» Data block:
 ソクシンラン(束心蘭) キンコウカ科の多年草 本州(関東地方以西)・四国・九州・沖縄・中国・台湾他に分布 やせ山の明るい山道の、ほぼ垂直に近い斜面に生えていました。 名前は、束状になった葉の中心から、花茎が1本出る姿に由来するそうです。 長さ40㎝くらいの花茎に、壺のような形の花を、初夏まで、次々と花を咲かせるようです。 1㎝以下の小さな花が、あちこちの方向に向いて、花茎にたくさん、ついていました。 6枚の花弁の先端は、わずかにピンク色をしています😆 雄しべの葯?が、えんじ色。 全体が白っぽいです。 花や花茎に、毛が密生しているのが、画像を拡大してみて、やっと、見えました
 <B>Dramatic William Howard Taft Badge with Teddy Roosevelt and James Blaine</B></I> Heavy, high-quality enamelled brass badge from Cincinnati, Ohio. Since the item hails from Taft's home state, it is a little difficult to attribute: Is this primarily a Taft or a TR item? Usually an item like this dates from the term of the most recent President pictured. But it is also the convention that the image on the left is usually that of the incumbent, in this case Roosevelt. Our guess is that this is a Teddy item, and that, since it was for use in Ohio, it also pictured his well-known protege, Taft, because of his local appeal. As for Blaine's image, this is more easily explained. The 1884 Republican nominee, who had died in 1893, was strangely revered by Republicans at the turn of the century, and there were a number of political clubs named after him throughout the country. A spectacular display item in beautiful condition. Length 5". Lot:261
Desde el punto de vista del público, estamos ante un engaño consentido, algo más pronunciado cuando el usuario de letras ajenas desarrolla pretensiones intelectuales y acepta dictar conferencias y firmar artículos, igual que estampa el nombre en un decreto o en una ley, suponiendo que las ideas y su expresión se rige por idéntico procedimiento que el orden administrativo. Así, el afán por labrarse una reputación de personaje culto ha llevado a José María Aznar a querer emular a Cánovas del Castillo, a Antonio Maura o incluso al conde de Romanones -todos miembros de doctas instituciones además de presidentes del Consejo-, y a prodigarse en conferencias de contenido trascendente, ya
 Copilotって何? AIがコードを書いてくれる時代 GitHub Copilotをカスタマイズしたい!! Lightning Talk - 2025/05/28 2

» Task objective: Recite the full listing above exactly.

» Answer area:
 ソクシンラン(束心蘭) キンコウカ科の多年草 本州(関東地方以西)・四国・九州・沖縄・中国・台湾他に分布 やせ山の明るい山道の、ほぼ垂直に近い斜面に生えていました。 名前は、束状になった葉の中心から、花茎が1本出る姿に由来するそうです。 長さ40㎝くらいの花茎に、壺のような形の花を、初夏まで、次々と花を咲かせるようです。 1㎝以下の小さな花が、あちこちの方向に向いて、花茎にたくさん、ついていました。 6枚の花弁の先端は、わずかにピンク色をしています😆 雄しべの葯?が、えんじ色。 全体が白っぽいです。 花や花茎に、毛が密生しているのが、画像を拡大してみて、やっと、見えました
 <B>Dramatic William Howard Taft Badge with Teddy Roosevelt and James Blaine</B></I> Heavy, high-quality enamelled brass badge from Cincinnati, Ohio. Since the item hails from Taft's home state, it is a little difficult to attribute: Is this primarily a Taft or a TR item? Usually an item like this dates from the term of the most recent President pictured. But it is also the convention that the image on the left is usually that of the incumbent, in this case Roosevelt. Our guess is that this is a Teddy item, and that, since it was for use in Ohio, it also pictured his well-known protege, Taft, because of his local appeal. As for Blaine's image, this is more easily explained. The 1884 Republican nominee, who had died in 1893, was strangely revered by Republicans at the turn of the century, and there were a number of political clubs named after him throughout the country. A spectacular display item in beautiful condition. Length 5". Lot:261
Desde el punto de vista del público, estamos ante un engaño consentido, algo más pronunciado cuando el usuario de letras ajenas desarrolla pretensiones intelectuales y acepta dictar conferencias y firmar artículos, igual que estampa el nombre en un decreto o en una ley, suponiendo que las ideas y su expresión se rige por idéntico procedimiento que el orden administrativo. Así, el afán por labrarse una reputación de personaje culto ha llevado a José María Aznar a querer emular a Cánovas del Castillo, a Antonio Maura o incluso al conde de Romanones -todos miembros de doctas instituciones además de presidentes del Consejo-, y a prodigarse en conferencias de contenido trascendente, ya
 Copilotって何? AIがコードを書いてくれる時代 GitHub Copilotをカスタマイズしたい!! Lightning Talk - 2025/05/28 2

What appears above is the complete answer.